Our gut and our skin have many things in common.  Both offer us protection from the environment and have their own microbiome.  It is also important to know that the food we eat is directly provided to our skin.  So what we eat can have a significant impact on the appearance of our skin.

Skin diseases that start in the gut

If you are struggling with any of the following skin conditions, your gut could be to blame:

  • Eczema  
  • Rosacea
  • Acne vulgaris
  • Cystic acne
  • Psoriasis
  • Dandruff
  • Alopecia

Intestinal-skin connections

Leaky gut and cystic acne

According to the Environmental Working Group (EWG), acne is a disease of the gut rather than the skin.

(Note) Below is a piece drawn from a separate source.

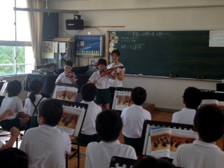 フルートやバイオリンの実物も見せてもらい、ふれることができました。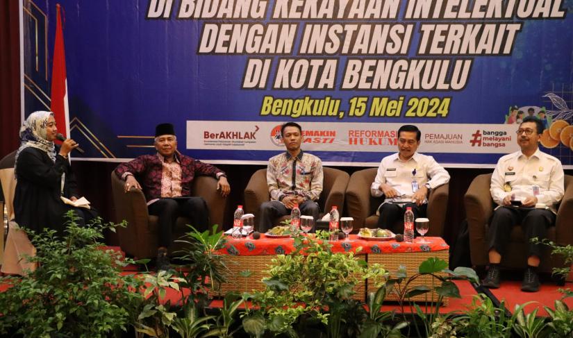 Bengkulu - Kantor Wilayah Kementerian Hukum dan HAM Bengkulu menyelenggarakan Sosialisasi Kerjasama Pemantauan dan Pengawasan di Bidang Kekayaan Intelektual dengan Instansi terkait di Kota Bengkulu, Rabu (15/05/2024). Bertempat di Hotel Santika, kegiatan dibuka oleh Kepala Kantor Wilayah yang dalam hal ini diwakili Kepala Divisi Pelayanan Hukum dan HAM, Andrieansjah yang menyampaikan bahwa Pemantauan/Pengawasan terhadap karya Kekayaan Intelektual merupakan tugas bersama. Sinergi dan kolaborasi antara Pemerintah Daerah Provinsi/Kabupaten/Kota Se-Provinsi Bengkulu dan Aparat Penegak Hukum sangat diperlukan untuk meminimalisir permasalahan hukum dan kerugian pada masyarakat dari pelanggaran Kekayaan Intelektual.

Lipopolysaccharide (LPS) endotoxins are part of harmful bacteria that can adversely affect both the gut and the skin.  LPS endotoxins are associated with acne vulgaris, and high levels of LPS endotoxins can impair wound healing and aggravate scars.

High levels of LPS endotoxins can also contribute to leaky gut, and people with leaky gut are more likely to suffer from acne (as well as E. coli, irritable bowel syndrome, and anxiety).

Eczema and gut health

Eczema caused by an overactive immune system undeniably starts in the gut.  An overactive immune system is often the result of an imbalance of bacteria in our gut.  Therefore, to relieve eczema symptoms, try to reduce inflammation and increase microbial diversity in the gut.

Rosacea and SIBO

Although it is a relatively recent discovery, doctors have found a link between people suffering from small intestinal bacterial overgrowth (SIBO) and rosacea.

Coeliac disease and other skin conditions

People with coeliac disease are more likely to suffer from Dermatitis herpetiformis, alopecia, eczema, urticaria, vitiligo and oral mucosal lesions.  These skin conditions are likely to clear up when coeliacs treat their gut to heal the symptoms of their disease.

Why is this important?

The average woman applies 168 chemicals to her skin every day.  Men apply about 85 chemicals.  These chemicals are absorbed by our skin, and many of them enter the bloodstream.  Most of these chemicals are not “clean” and some can even be toxic.  What's more, many of them do little or nothing to alleviate our long-term skin problems.